How does it work? MAGIC. WE'RE TALKING ABOUT MAGIC, GUYS.

Oh a trick I learned from theater is if you angle the walls, floor and ceiling a little inward they look deeper than they are. Then shorten the texture to match. The character would have to have some knowledge of theater or optical illusions though, so a bard.

It would still need to be a few feet deep and you'd have to transition it back to the regular corridor somehow. Then what you do is hide underneath the gently upward slanted floor that appears like it's flat. Or behind the slanted wall.

Silvanoshei
2013-04-19, 01:31 PM
Can you make multiple objects, like, 5 armed guards with silent image?

SapereAude1490
2013-04-20, 05:29 AM
That you can do. A guard takes up a 5x5 ft. square and an average human is 6 ft. tall, so you can create 4 guards per one cube.


Effect: Visual figment that cannot extend beyond four 10-ft. cubes + one 10-ft. cube/level (S)

This spell creates the visual illusion of an object, creature, or force, as visualized by you.

d20srd Silent Image description.

The guards have to be connected somehow (a phalanx for example). So a lvl 1 Wizard can create 5 10ft. cubes - so 20 guards (a small army :smallbiggrin:)
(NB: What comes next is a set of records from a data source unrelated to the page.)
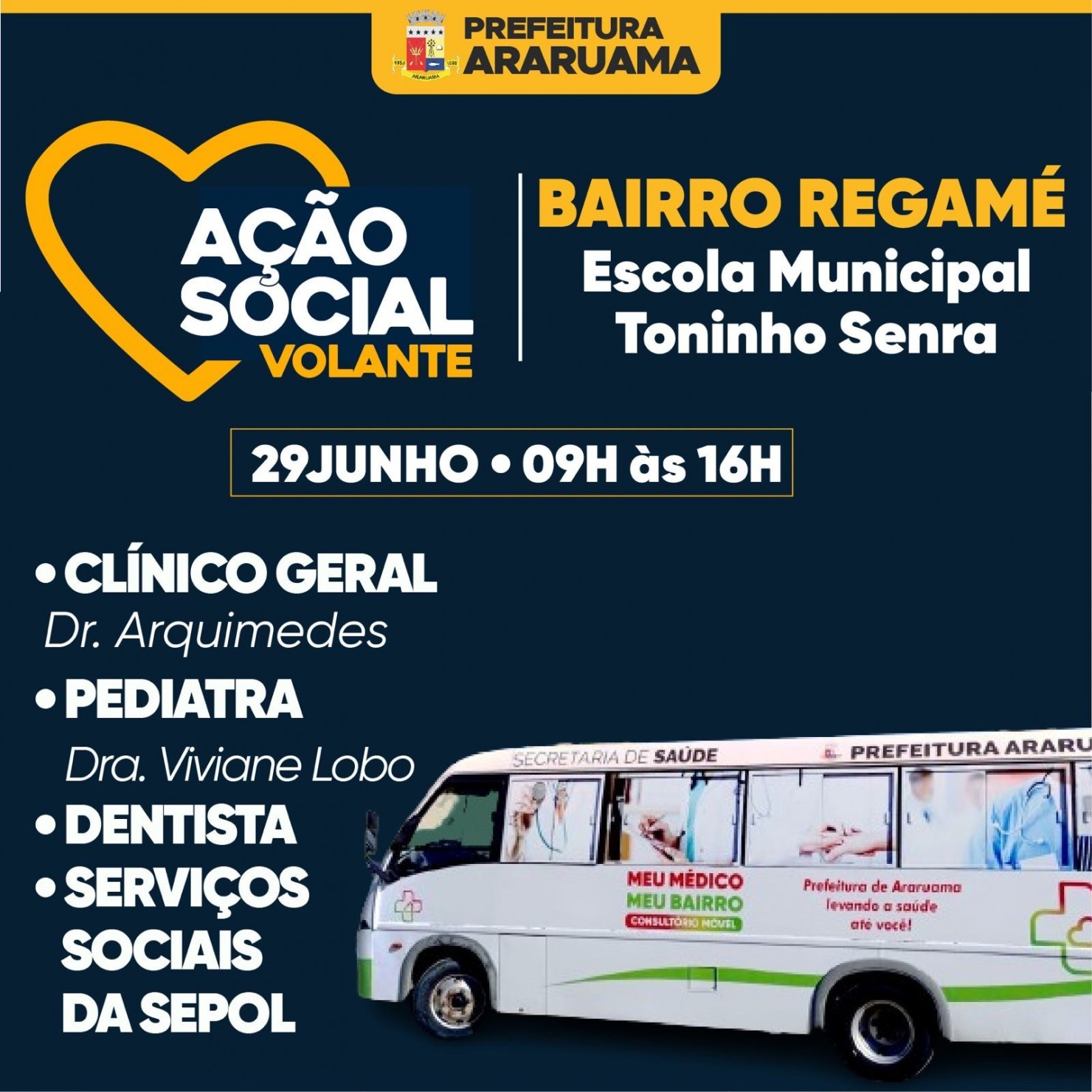 Prefeitura de Araruama vai realizar Ação Social Volante no bairro Regamé, nesse sábado, 29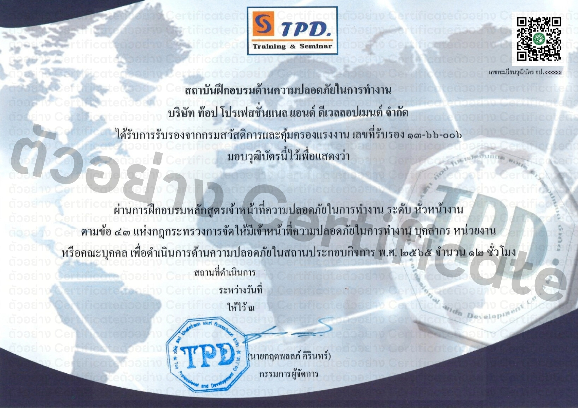 ศูนย์ฝึกอบรมได้รับอนุญาตเป็น ศูนย์ทดสอบมาตรฐานฝีมือแรงงาน จาก กรมพัฒนาฝีมือแรงงานแห่งชาติ พร้อมให้บริการจัดฝึกอบรมโดยวิทยากรผู้เชี่ยวชาญภายใต้แบรนด์ เซฟตี้อินไทย และ HRODTHAI เพื่อช่วยให้องค์กรก้าวสู่ความเป็นมืออาชีพ ทั้งในด้านความปลอดภัยและการบริหารทรัพยากรมนุษย์อย่างครบวงจรร์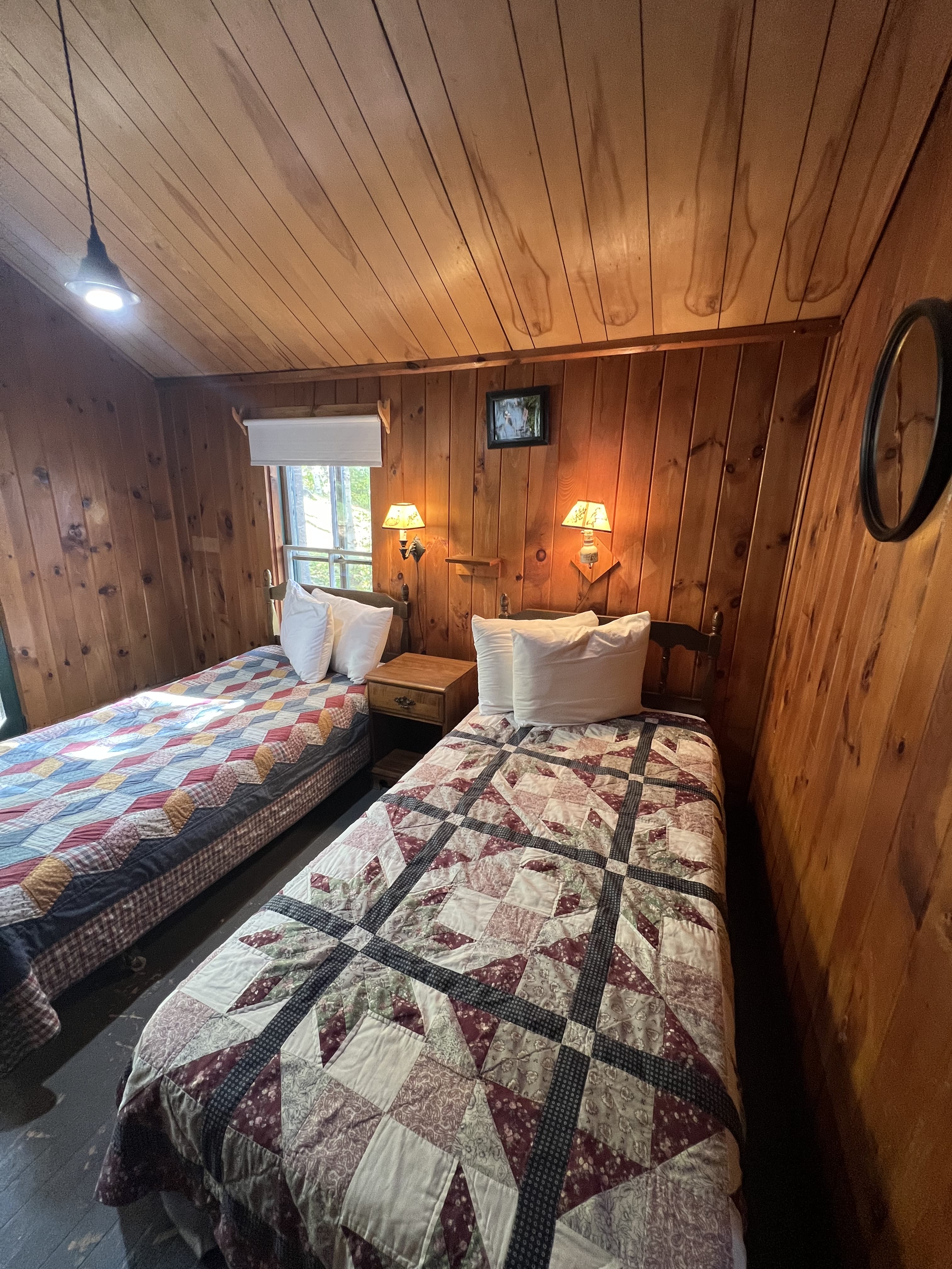 This cabin features one bedroom with two twin beds, ideal for a comfortable nights rest after a day outdoors.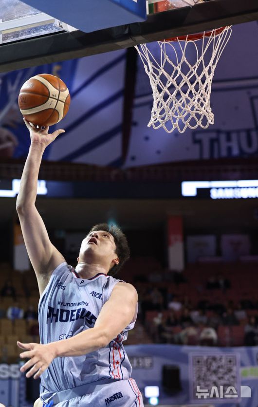 [서울=뉴시스] 최진석 기자 = 3일 서울 송파구 잠실실내체육관에서 열린 2025-2026 KBL 프로농구 울산 현대모비스와 서울 삼성의 경기, 현대모비스 함지훈이 레이업슛을 하고 있다. 2025.11.03. myjs@newsis.com |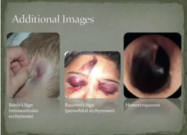 HY Association: If someone presents after a car crash and they have similar raccoon eyes, what is your diagnosis? - Basilar skull fracture! *Can have high CHLORIDE clear fluid draining from nose = CSF from fractured cribriform plate! Look for: mastoid ecchymosis (Battle sign)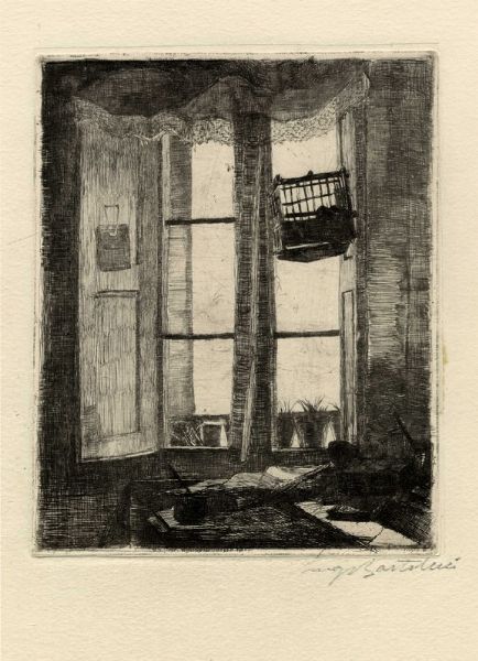 Acquaforte su carta Cina applicata a carta pesante. mm 199x158. Foglio: mm 475x335. ESEMPLARI UNICI E RARI, 13; MARINO, 203; FICACCI, 78. Esemplare nel I stato su 2 prima del rinforzo delle ombre e dei tratti sull’imposta di sinistra e l’aggiunta della firma. Titolata in lastra "Il Compagno" in basso a destra. Firmata a matita in basso a destra. Timbro a secco con nome dell'Artista in basso a destra. Etichetta contenente titolo e numero di taratura all'angolo superiore sinistro del verso. Es. 21/25.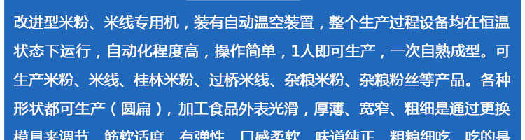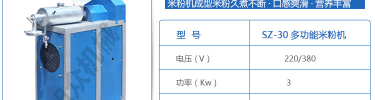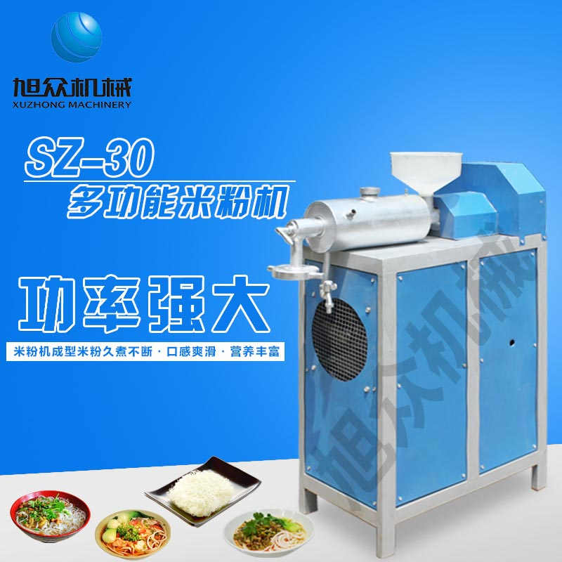 SZ-30米粉機(jī),生產(chǎn)多樣性可生產(chǎn)米粉、米線(xiàn)、粉絲、粉條、、年糕、玉米面條、各種雜糧粉絲、各種面條、雜糧面條、彩色面條以及以紅薯、玉米、大豆、蠶豆等制成淀粉為原料的等多種食品而且每種食品厚薄、粗細(xì)等規(guī)格可根據(jù)需要任意調(diào)整。

The only problem is that they can't move.

Bakeru
2013-04-20, 05:38 AM
That you can do. A guard takes up a 5x5 ft. square and an average human is 6 ft. tall, so you can create 4 guards per one cube.Only during combat. Out of combat, people (and even NPCs and guards) can stand much closer.

The guards have to be connected somehow (a phalanx for example). So a lvl 1 Wizard can create 5 10ft. cubes - so 20 guards (a small army :smallbiggrin:)

The only problem is that they can't move."You can move the image within the limits of the size of the effect."
Simply make sure they don't fill the entire area (by making less guards and crowding them closer together), and you can have them move around within your five designated 10ft cubes.